You will be driving I-10 which has lots of service stations and convenience stores along the way. There are also call boxes everywhere if you need them.

I've driven in the desert for decades and modern vehicles have absolutely no problems in the desert. As someone mentioned, the only possible problem will be your tires so make sure you have a good spare and know how to change them.

It's only 300+ miles and you should be able to easily make it on one tank of fuel.


----------



## Yarddog

longknife said:


> You will be driving I-10 which has lots of service stations and convenience stores along the way. There are also call boxes everywhere if you need them.
> 
> I've driven in the desert for decades and modern vehicles have absolutely no problems in the desert. As someone mentioned, the only possible problem will be your tires so make sure you have a good spare and know how to change them.
> 
> It's only 300+ miles and you should be able to easily make it on one tank of fuel.




Probably be a good idea for them to get a start really early before the sun comes up,  miss a big portion of the heat .


----------



## Al Azar

It's autumn.  By the time he reaches the desert it'll be like a summer day in Los Angeles.


----------



## candycorn

You'd have more stress on hilly roads at sea level in cool weather.  To be on the safe side, put a case of water in your trunk, charge your cell in case there is service, let someone know your route ahead of time, pack self-defense items.  The worst thing you could do is try to walk out of the desert if you break down.  Dehydration is a bitch.


----------



## Al Azar

candycorn said:


> You'd have more stress on hilly roads at sea level in cool weather.  To be on the safe side, put a case of water in your trunk, charge your cell in case there is service, let someone know your route ahead of time, pack self-defense items.  The worst thing you could do is try to walk out of the desert if you break down.  Dehydration is a bitch.

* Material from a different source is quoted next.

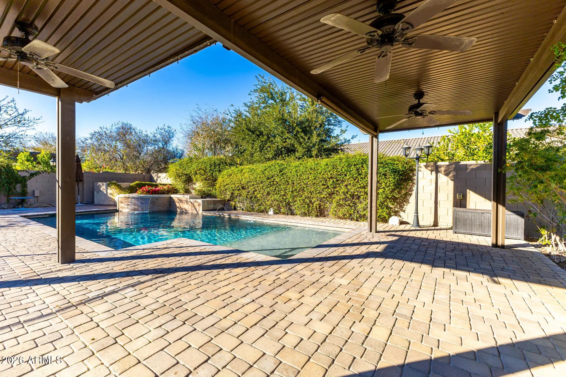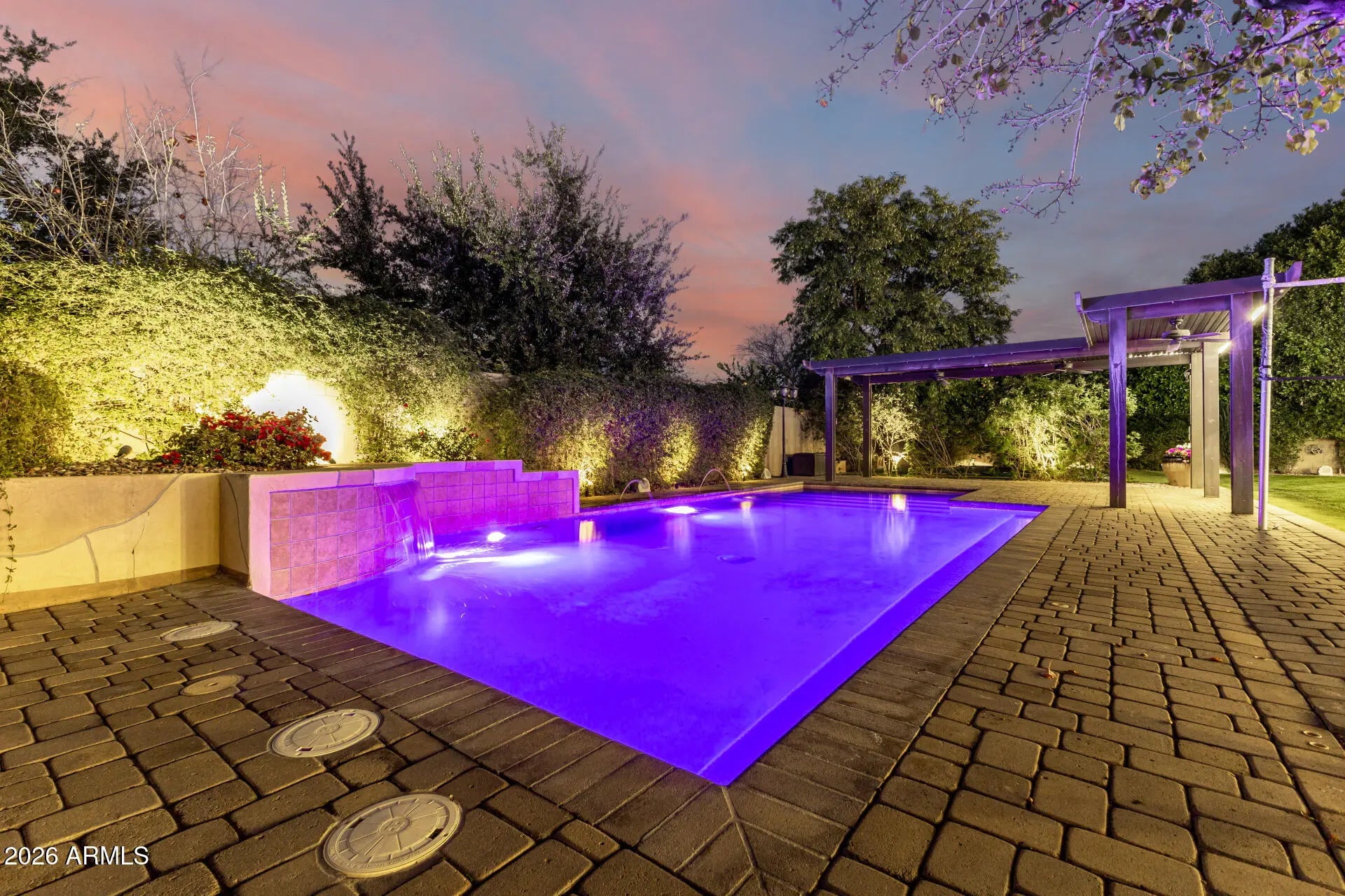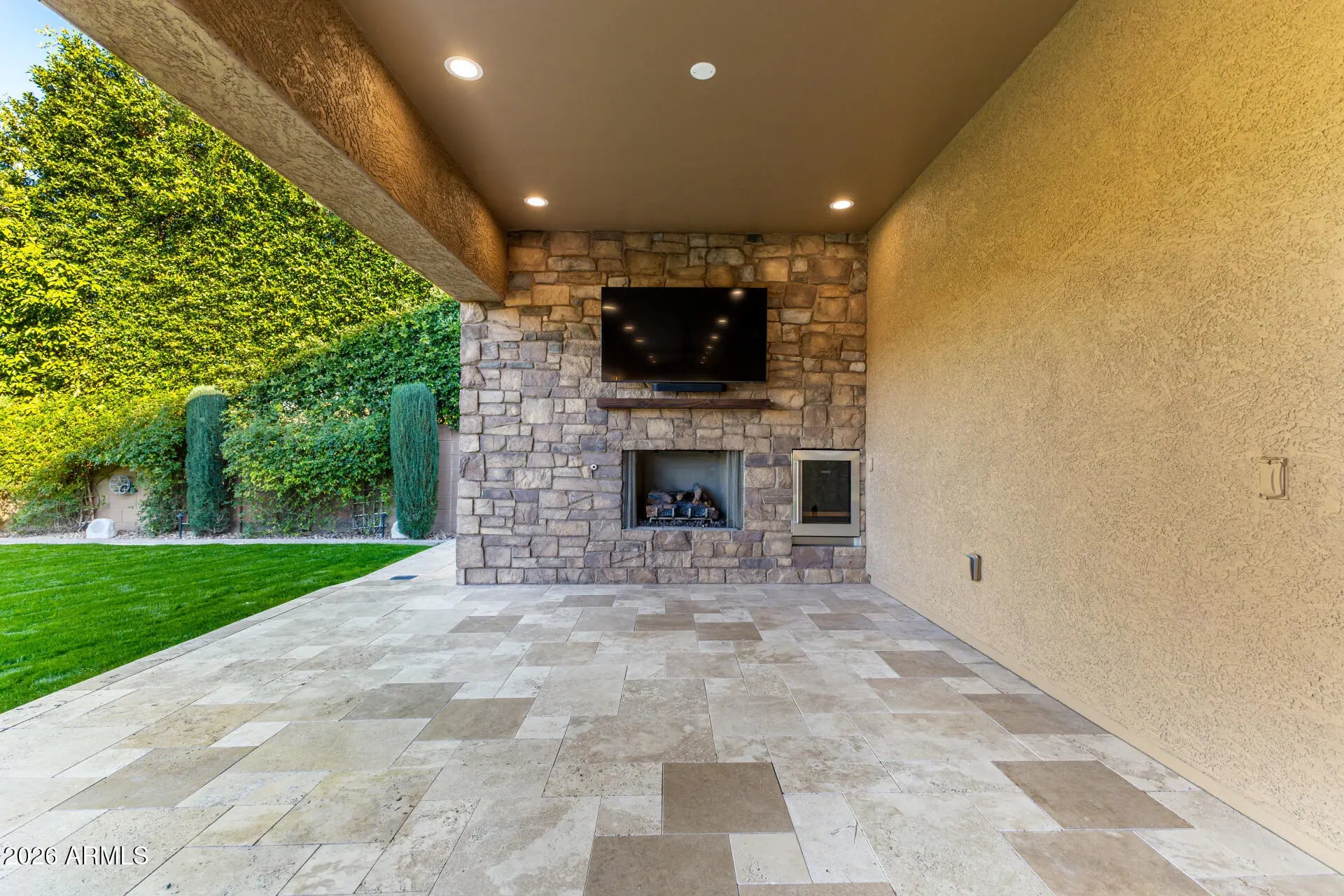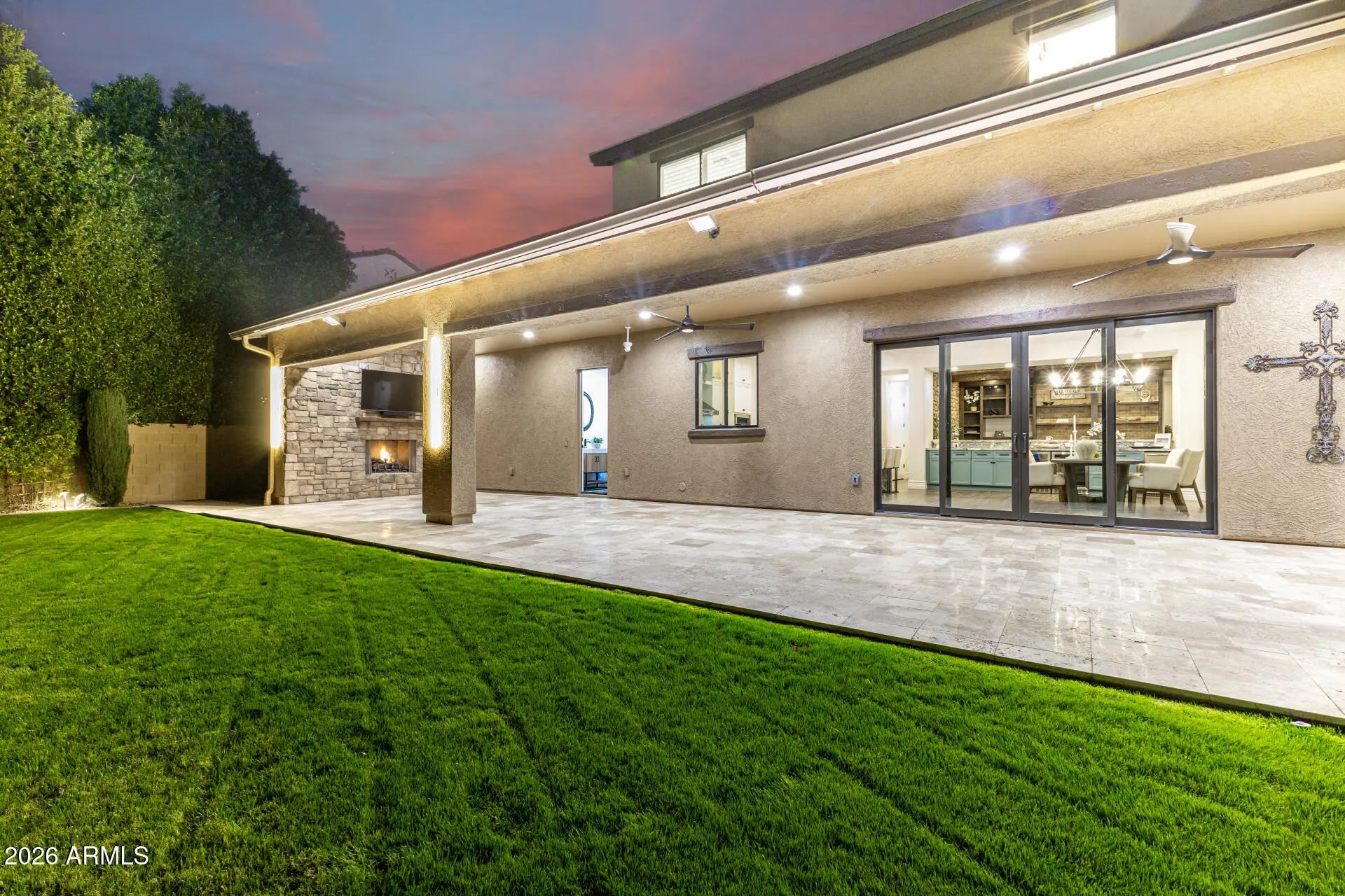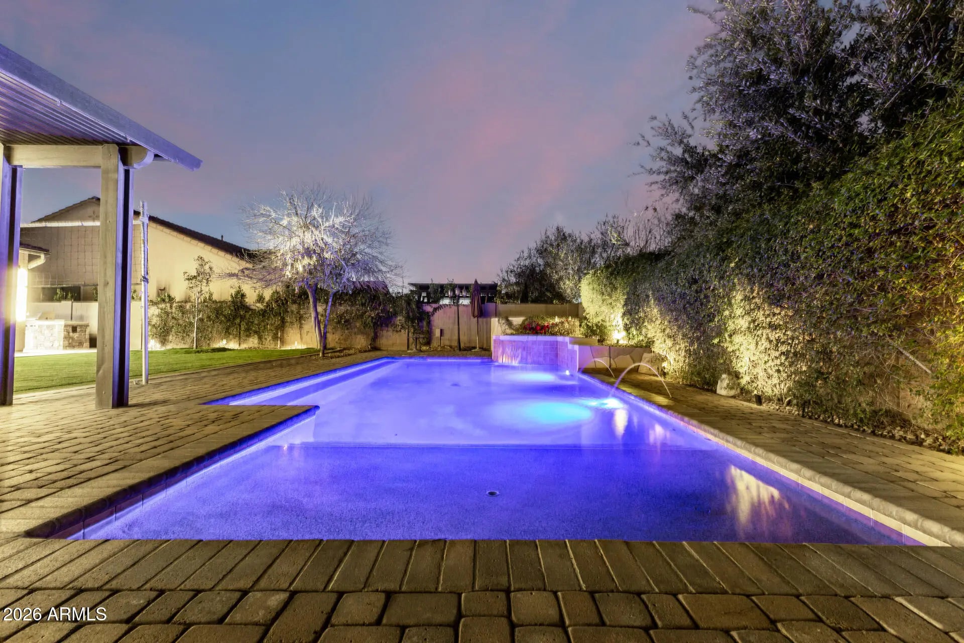 Experience unparalleled luxury with this exquisite estate, a 5-bedroom, 6-bathroom masterpiece boasting over $500,000 in high-end upgrades, perfectly positioned on an extremely private, north-facing lot within a quiet private cul-de-sac. This rare setting is further enhanced by a charming, storybook tree swing at the center of the cul-de-sac, creating a warm sense of community while preserving the privacy and exclusivity of the home. Thoughtfully designed to embody the ultimate Arizona lifestyle, this residence offers a seamless blend of elegance, comfort, and resort-style living. Upon entering the grand foyer, you are immediately captivated by the expansive open-concept design, highlighted by new flooring, designer finishes, and custom lighting that exude sophistication. The gourmet kitchen stands as the heart of the home, anchored by a massive waterfall-edge island, bespoke cabinetry, and top-of-the-line appliances... highlighted by an Italian-imported ILVE Nostalgie Series induction range. This iconic range blends timeless European-inspired design with cutting-edge technology, offering a safe, fast, and energy-efficient induction cooktop with precise temperature control. The sleek glass surface allows for effortless cleaning and increased cooking speed, while the residual heat indicator enhances safety by alerting when the surface remains warm. Designed with versatility in mind, the home features two dedicated dens. The downstairs den is ideal for a private home office or executive workspace, while the upstairs den serves as a perfect kids' playroom or teen retreat, complete with a built-in refrigerator for added convenience. For those who cherish hosting, the reimagined dining and entertaining lounge offers a seamless blend of modern elegance and functionality. Sliding doors open to a private courtyard, extending gatherings outdoors and creating an intimate setting around the fireplace beneath the starlit Arizona sky. Every detail has been meticulously curated, including brand-new Carrier AC units, fresh interior and exterior paint, custom blinds and shutters, and updated door hardware throughout. The expanded four-car garage offers ample space for vehicles, storage, and lifestyle needs. The backyard is a true private retreat. A huge covered patio spanning the length of the home features a cozy outdoor fireplace, built-in grill, beverage fridge, and pre-wiring for heaters... creating an exceptional year-round entertaining space. The resort-style pool showcases sheer descents, elegant fountains, and a spacious Baja step, perfect for lounging, sunbathing, or safe play, while adding to the tranquil, resort-like ambiance. A shaded ramada provides a peaceful escape for lounging or dining al fresco, and a private poolside bathroom with a full shower offers unmatched convenience. The expansive grassy yard is thoughtfully designed for recreation and relaxation, currently set up with a removable volleyballnet, ample space for playing catch, tag, or football, and a built-in, in-ground trampoline that blends seamlessly into the landscape... offering fun and activity without compromising the elevated aesthetic of the space. This is more than a home... it's a lifestyle. A rare opportunity to enjoy privacy, elegance, and meaningful community moments... all within one extraordinary property. Homes of this caliber are seldom available... don't miss your chance to make this one yours.

True.  Never leave your vehicle on foot.  If people have to come searching for you, they can spot your car pretty easily from the air or roadway.  No so your crazed, wandering carcass. 

But you're not likely to be driving off into the desert anyway.  Stick to the interstate and federal highways and your only concern should be the inconvenience of a mechanical breakdown away from home.  If you do break down and someone stops and offers you a ride, decline and ask them to call the Highway Patrol for you.  Don't go with them.


----------



## Ringel05

Al Azar said:


> candycorn said:
> 
> 
> 
> You'd have more stress on hilly roads at sea level in cool weather.  To be on the safe side, put a case of water in your trunk, charge your cell in case there is service, let someone know your route ahead of time, pack self-defense items.  The worst thing you could do is try to walk out of the desert if you break down.  Dehydration is a bitch.
> 
> 
> 
> True.  Never leave your vehicle on foot.  If people have to come searching for you, they can spot your car pretty easily from the air or roadway.  No so your crazed, wandering carcass.
> 
> But you're not likely to be driving off into the desert anyway.  Stick to the interstate and federal highways and your only concern should be the inconvenience of a mechanical breakdown away from home.  If you do break down and someone stops and offers you a ride, decline and ask them to call the Highway Patrol for you.  Don't go with them.
Click to expand...

As long as ya got ole Bessie then you can walk to your heart's content.........


----------